The single-stream baseline achieved moderate performance but exhibited weaker image-level detection. Late fusion alone improved both segmentation and detection metrics, though the low optimal threshold (0.68) indicates reduced model confidence near decision boundaries. The optimal configuration—early fusion at stages 3 and 4 combined with late fusion—achieved the highest segmentation performance (F1 = 0.9110, IoU = 0.8839) while maintaining robust image-level detection (AUROC = 0.9636, best F1 = 0.9536). Expanding fusion to all encoder stages degraded pixel-level precision despite competitive image-level metrics (AUROC up to 0.9790), suggesting that excessive fusion introduces redundancy and impairs spatial accuracy.

4.6.3 Effect of Decoder Components

We conducted ablation experiments to assess the contribution of three decoder modules: TransUp, UpFlex, and GateFuse.

Table 5 shows that UpFlex provides the largest individual improvement (F1 = 0.90 vs. baseline 0.78), demonstrating its effectiveness for spatial refinement. TransUp with GateFuse achieves F1 = 0.85, while combining TransUp and UpFlex yields F1 = 0.88. The full configuration with all three modules achieves optimal performance (F1 = 0.91), confirming their complementary contributions to segmentation accuracy.

images

4.6.4 Effect of Deep Supervision

Deep supervision [26] is a widely adopted technique in segmentation networks, proven to enhance performance by injecting auxiliary losses at intermediate decoder stages to improve gradient flow and regularization. In our study, all experiments incorporated deep supervision (Section 3.5) and regularization (Section 3.4) wherever gated fusion was applied.

Empirically, this design consistently resulted in a performance boost of 1%–2% across metrics compared to training without deep supervision. The improvement was most notable in challenging cases with small or fragmented landslide regions, where auxiliary supervision guided the decoder to produce sharper and more consistent segmentation masks.
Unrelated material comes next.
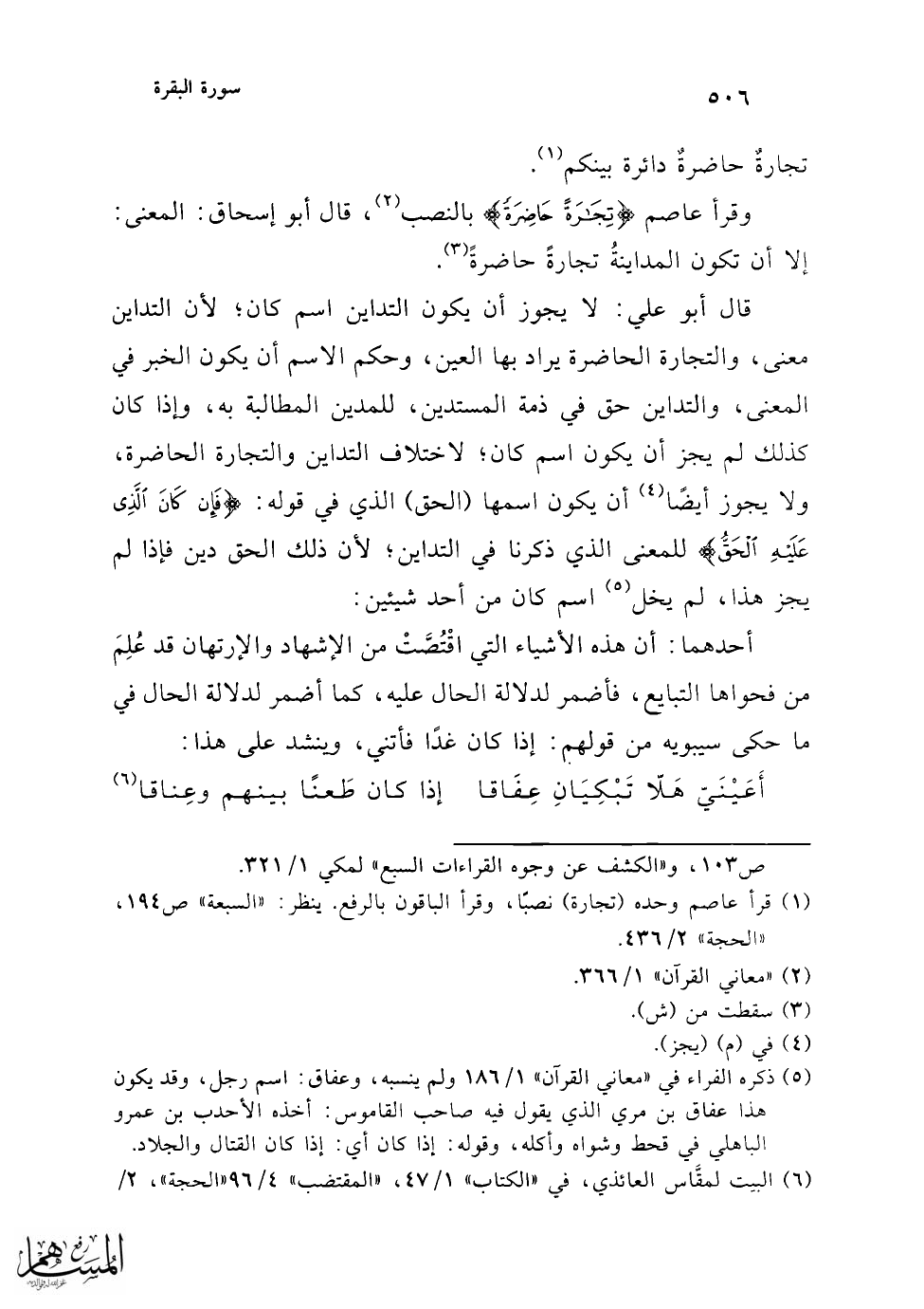 (¬2) من "الحجة" 2/ 440 بتصرف، والبيت الأول: أعيني هلا تبكيان، لم يذكره في "الحجة".

These findings align with prior evidence that deep supervision strengthens training stability and improves generalization in encoder–decoder networks.

5 Discussion

The experimental evaluation highlights key aspects of the proposed framework corresponding to design choices in Sections 3 and 4.

The backbone analysis (Section 4.6.1) confirms that lightweight architectures like EfficientNet-B4 achieve superior segmentation performance with fewer parameters than heavier alternatives (ResNet101, ViT), enabling efficient real-time landslide monitoring without sacrificing accuracy.

Fusion strategy comparisons (Section 4.6.2) show that combining early fusion at mid-level encoder stages with gated late fusion at decoder stages maximizes complementary information while avoiding redundancy. Single-stream fusion achieved baseline performance, but staged gated fusion substantially improved both pixel-level segmentation and image-level detection. Indiscriminate fusion across all levels introduced noise and reduced spatial precision.

Decoder ablations (Section 4.6.3) reveal that UpFlex provides the largest individual improvement through attention-gated skip fusion. The combination of TransUp, UpFlex, and GateFuse achieved optimal performance, validating their complementary roles in semantic alignment, spatial refinement, and adaptive fusion.

Deep supervision (Section 4.6.4) consistently improved training stability and performance by 1%–2%, particularly for small, fragmented landslides where auxiliary losses recovered finer details, aligning with established regularization benefits in encoder–decoder networks.

Baseline comparisons (Section 4.5) demonstrate that integrating staged fusion, adaptive decoders, and deep supervision enables our approach to outperform U-Net variants, ShapeFormer, and GMNet on the Bijie dataset. Results on Landslide4Sense confirm that optimized feature selection (RGB, NDVI, Slope, DEM) outperforms full-band or single-modality inputs, emphasizing strategic data fusion in remote sensing applications.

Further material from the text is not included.